1962 Volkswagen Beetle to Volksrod Build by Father And Son

1962 Volkswagen Beetle Volksrod

Builder: Eric Fernon ~ Eric had pondered the idea of building a Volksrod for quite some time. Eventually, he couldn’t restrain himself any longer and picked out a pretty ‘72 with fiberglass fenders and running board all around, but it had seen better days. Riddled with rust, the body needed all sorts of restoration, but thankfully, the 1641cc motor — fitted with twin Kadron carburetors — provided enough punch to get Eric motivated for the lengthy build ahead of him.

1972 Volkswagen
1972 Volkswagen

Wisely, Eric went for a new body entirely: a 1962 shell that is in very good shape, never been hit, perfect uncut dash and a smoothed rear deck, one-piece windows with extra regulators and glass, a shell that would make any purist giggle with delight. Considering he dropped just $140 on the new shell and only needed to patch a minor section on the driver’s side heater channel, he had plenty of reason to grin.

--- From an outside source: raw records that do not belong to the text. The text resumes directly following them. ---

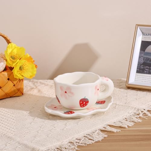 View full detailsStart Your Day with a Smile – Mugology Strawberry & Flower Coffee Cup! Brighten your mornings with this adorable 6 oz ceramic coffee cup and sa...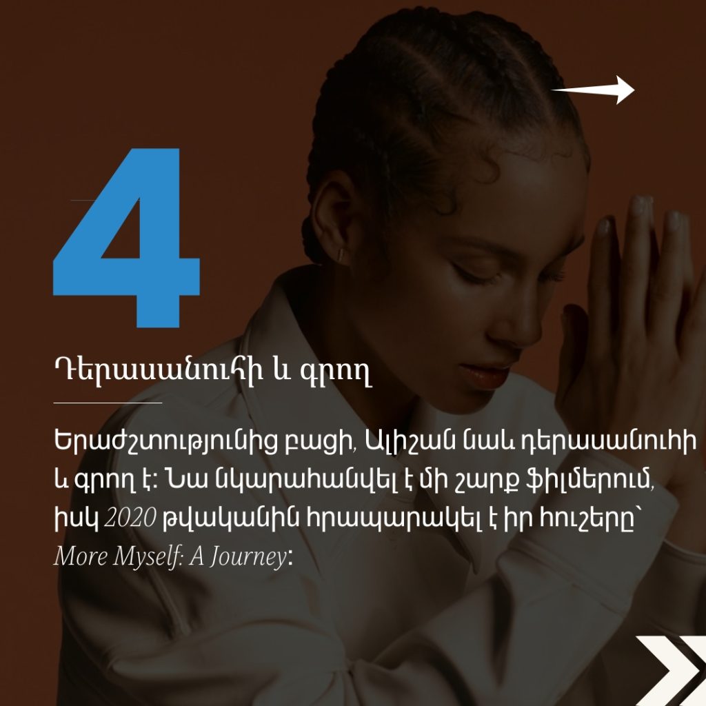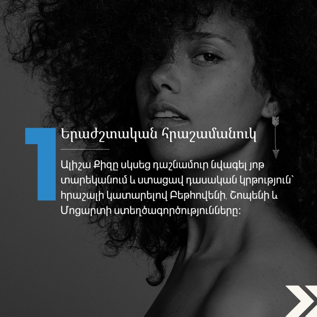 Հունվարի 25-ին ամենասիրված երգչուհիներից մեկը՝ Ալիշա Քիզը 44 տարեկան է դառնում: Այս առիթով ներկայացնում ենք 5 հետաքրքիր փաստ երգչուհու մասին: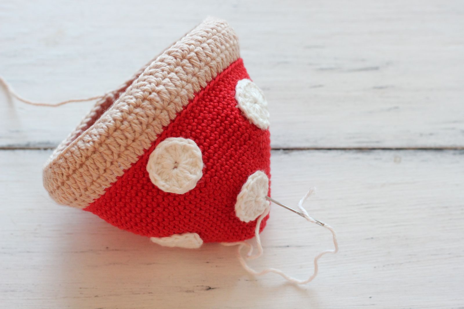 In this free crochet pattern i will show you how to make a fly agaric amigurumi doll wearing a bright red hat with white dots. A lovely giveaway or a unique gift for friends and relatives. It is a quick and little project.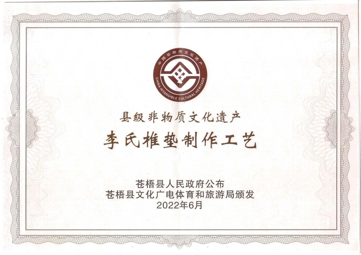 李氏椎墊制作工藝,于2022年6月被列入縣級(jí)非物質(zhì)文化遺產(chǎn),證書由蒼梧縣人民政府公布,蒼梧縣文化廣電體育和旅游局頒發(fā)。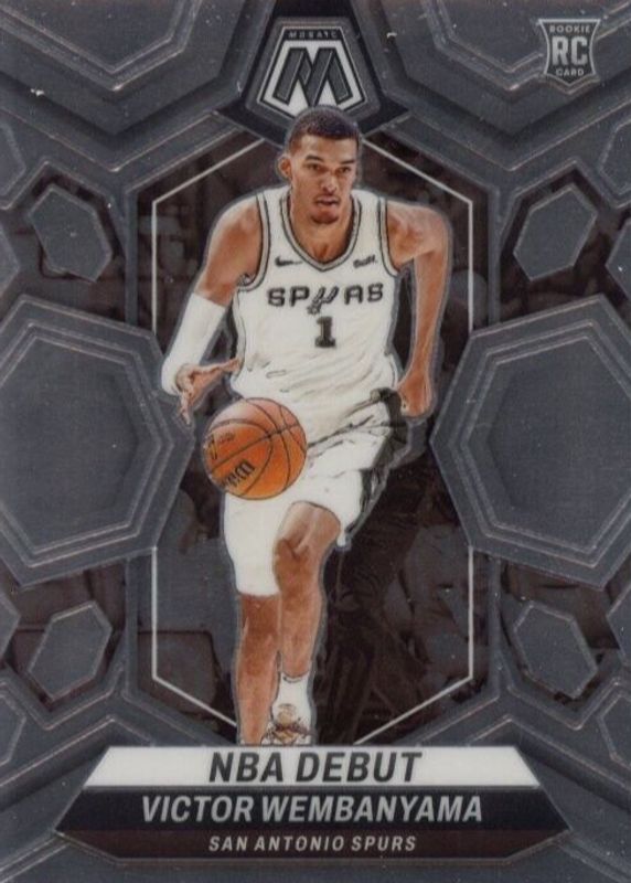 The Victor Wembanyama 2023 Mosaic #257 NBA Debut Rookie card in Raw condition has moved down -$0.47 (-15.5%) in the last 30 days and was last sold for $2.58 .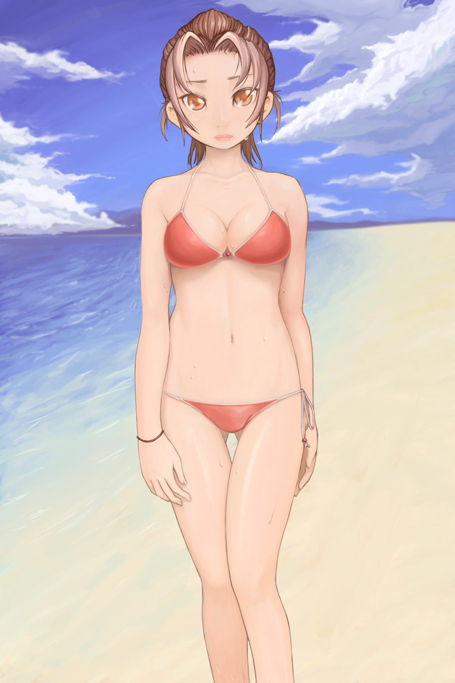 1girlbeachbikinibraceletbreastsbrown eyesbrown haircleavagedayfemale focusjewelrymedium breastsnaveloutdoorsred bikiniside-tie bikini bottomsoloswimsuit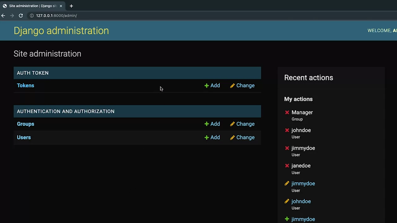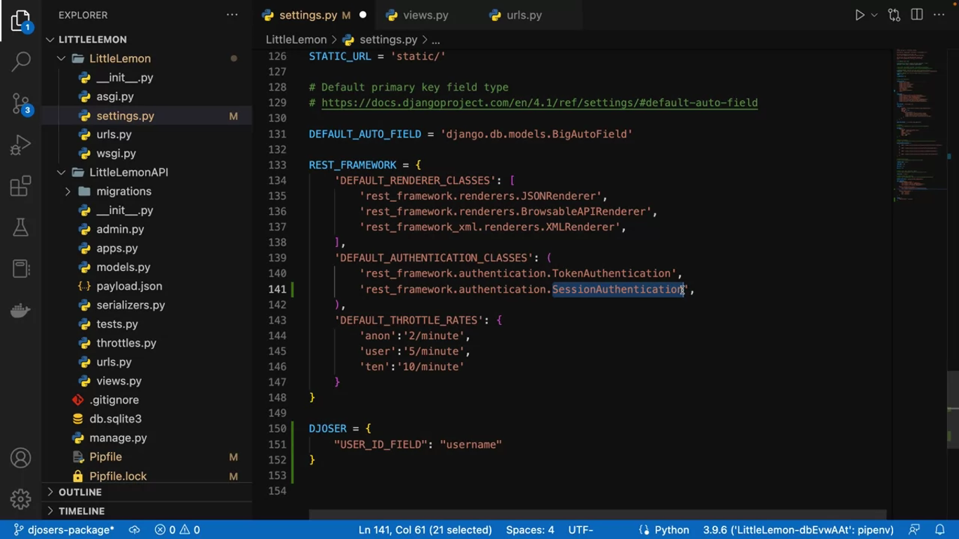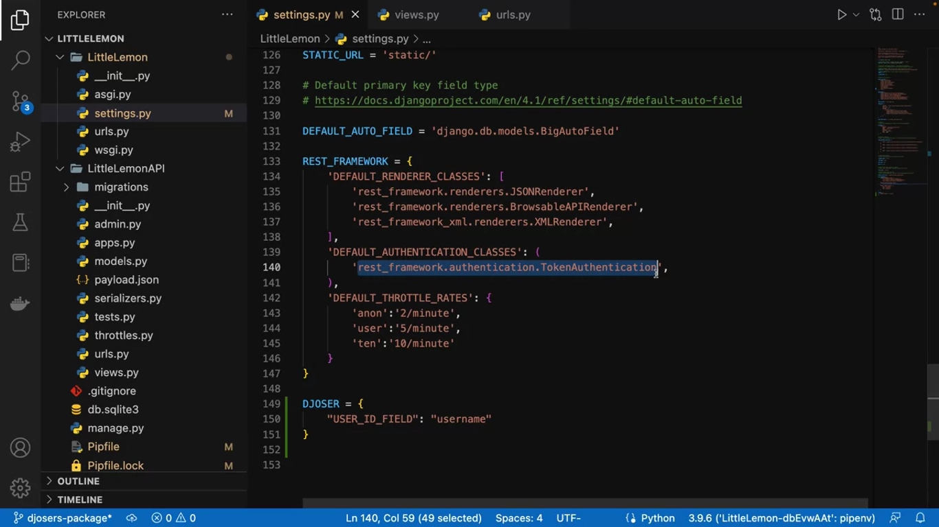 DEFAULT_AUTHENTICATION_CLASSESand assign a list to it containing the following items:rest_framework.authentication.TokenAuthenticationrest_framework.authentication.SessionAuthentication

1962 Volkswagen Beetle Body
1962 Volkswagen Beetle Body Donor

Eric held onto the red shell for comparative purposes, since he would later commit to chopping his ‘62 without much reference.

1962 VolksRod Build ~ A Photo Compilation

Editors Note: The conversion was very elaborate, with a lot of attention to detail, and was documented in great detail, which makes for a long build photo compilation…

Full Build Thread: www.volksrods.com/forum/showth…

1962 VolksRod ~ The Build Explained

The order of operations went as follows:

A 4″ chop in the front, 2-1/2″ in the rear, the roof moved forward 2″, the B-pillar cut and realigned with the body, and cut the rear inner fenders to align with body sides. When the haircut was complete and he could sit the two Volkswagens next to each other, the difference was startling.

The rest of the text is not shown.